- **PROBLEM DETAILS**:
Exactly as written, retype the lines that run from the line holding "Never leave dinner" through the end of the records below. Do not include pictures.

- **STUDY MATERIAL**:
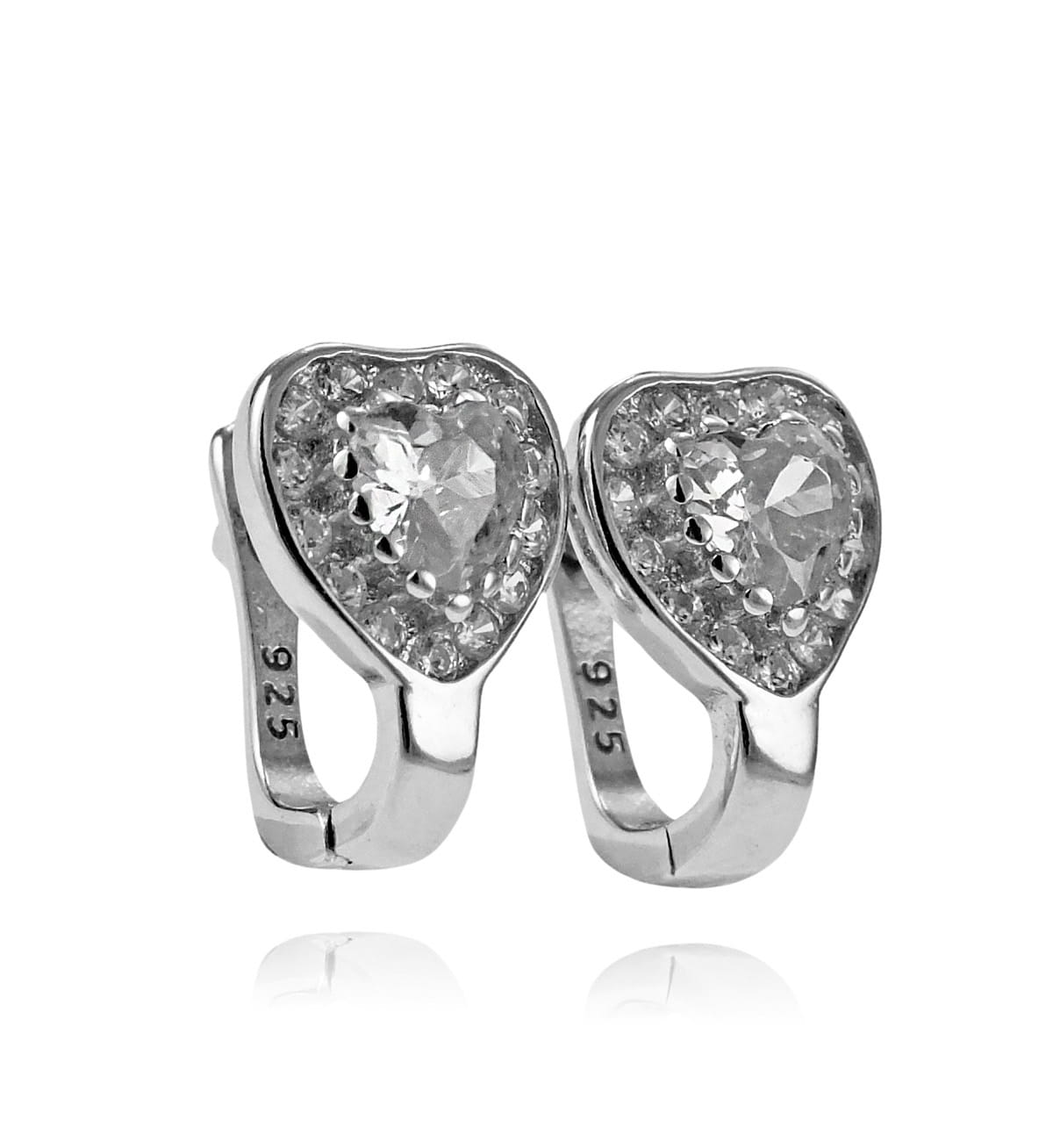 Srebrne Rodowane Kolczyki Serduszka z Cyrkoniami
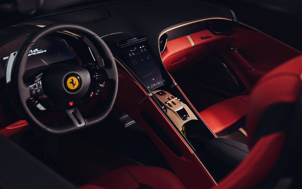페라리 로마 스파이더의 인테리어 역시 테일러 메이드를 통해 완벽하게 개인화할 수 있습니다. 가죽, 알칸타라, 카본 파이버, 우드 등 다양한 소재를 선택할 수 있으며, 각 소재는 페라리만의 고급스러운 감각으로 처리됩니다. 가죽의 색상과 질감을 선택하는 것은 물론, 스티치의 색상과 패턴까지 세밀하게 설정할 수 있습니다.
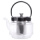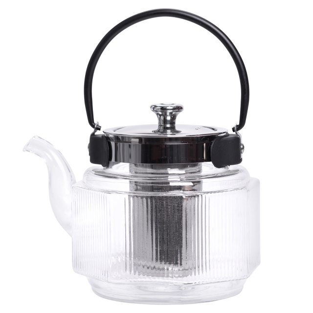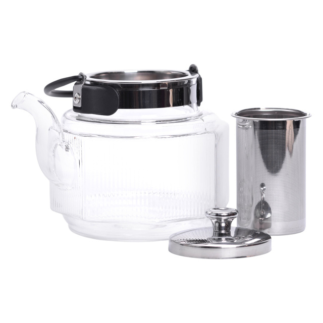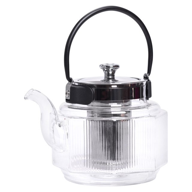 Стеклянный чайник с фильтром предназначен для заваривания листового чая, травяных сборов. Корпус изготовлен из жаропрочных стекол, которые выдерживают высокие температуры и позволяют наблюдать за процессом заваривания. Фильтр с металлической сеткой обеспечивает эффективное отделение чая от напитка. Черная ручка эргономичной формы изготовлена из термостойкого материала, что предотвращает нагрев во время использования и обеспечивает комфортное удержание. Благодаря прозрачным стенкам можно контролировать насыщенность напитка и своевременно прекращать заваривание. Конструкция чайника разборная, что упрощает его очищение. Характеристики стеклянного чайника для заваривания Размер: 18×14×21 см; Объем: 1.1 л; Высота: 12 см; Верхний диаметр: 5 см; Нижний диаметр: 12 см; Материал: cтекло + металл; Наличие: фильтра да. Преимущества стеклянного заварника Чистый вкус чая: стекло не впитывает запахи и не влияет на аромат напитка. Встроенный фильтр: задерживает листья, обеспечивая чистую подачу. Эргономичная ручка: безопасный захват без риска обжечься. Термостойкость: устойчив к высоким температурам, подходит для кипятка. Прозрачность: вы контролируете степень заваривания в реальном времени. Эстетичный дизайн: отлично смотрится на кухне и сервировочном столе. Универсальность: подходит для чёрного, зелёного, травяного чая и цветочных сборов. Такой чайник подходит для ежедневного использования дома или офиса, позволяя быстро приготовить ароматный чай или кофе без дополнительных аксессуаров. Он сочетает удобство, простоту ухода и аккуратный внешний вид.
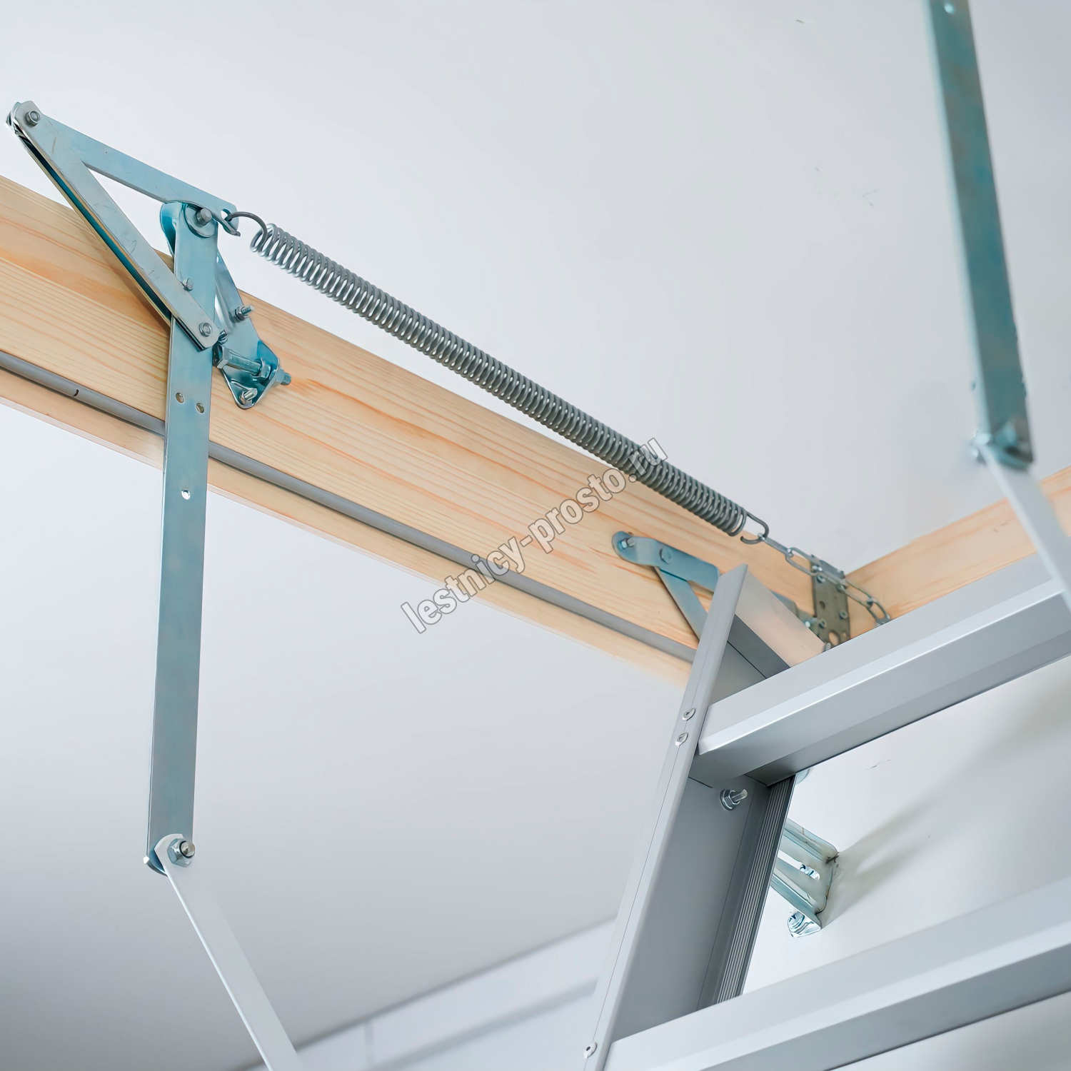 Лестница чердачная складная алюминиевая 3-х секционная. Ступени полностью выполнены из алюминия.
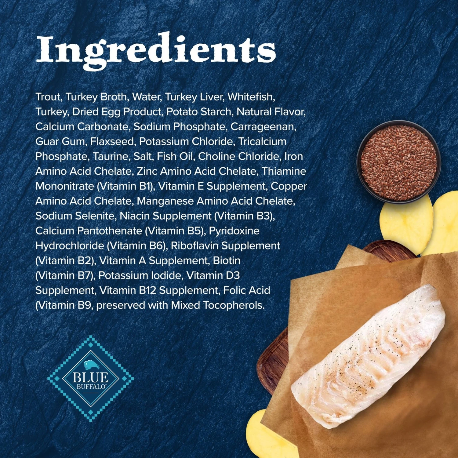 Never leave dinner in doubt with the tasty trout in Blue Buffalo Wilderness Rocky Mountain Recipe High Protein Grain Free, Natural Adult Flaked Wet Cat Food. Purr-fect for your adult amigo, this irresistibly tasty wet food is made using only the finest naturally grain and gluten-free ingredients. It starts with high-protein trout, packed with healthy fruits and veggies, then enhanced with vitamins and minerals. Formulated to support the nutritional needs of adult cats, the exclusively wholesome ingredients do not contain any grain, gluten, by-product meals, corn, wheat, soy, artificial flavors or preservatives.
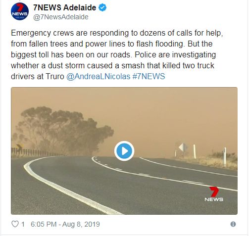 其实,不久前,南澳已出现过大规模的沙尘暴等极端天气,并且导致道路混乱的状况。
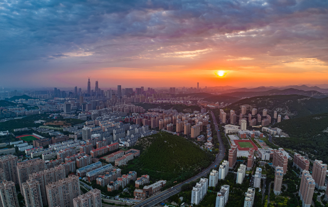 一輪圓日緩緩垂落地平線(xiàn),美不勝收。落日余暉編織成橘子味的晚霞,溫柔又熱烈,如打翻大自然的調色板,絢爛多彩,如夢(mèng)似幻。整座城市都籠罩在金黃的余暉中,美不勝收。

- **RESULT OF THIS TASK**:
 Never leave dinner in doubt with the tasty trout in Blue Buffalo Wilderness Rocky Mountain Recipe High Protein Grain Free, Natural Adult Flaked Wet Cat Food. Purr-fect for your adult amigo, this irresistibly tasty wet food is made using only the finest naturally grain and gluten-free ingredients. It starts with high-protein trout, packed with healthy fruits and veggies, then enhanced with vitamins and minerals. Formulated to support the nutritional needs of adult cats, the exclusively wholesome ingredients do not contain any grain, gluten, by-product meals, corn, wheat, soy, artificial flavors or preservatives.
 其实,不久前,南澳已出现过大规模的沙尘暴等极端天气,并且导致道路混乱的状况。
 一輪圓日緩緩垂落地平線(xiàn),美不勝收。落日余暉編織成橘子味的晚霞,溫柔又熱烈,如打翻大自然的調色板,絢爛多彩,如夢(mèng)似幻。整座城市都籠罩在金黃的余暉中,美不勝收。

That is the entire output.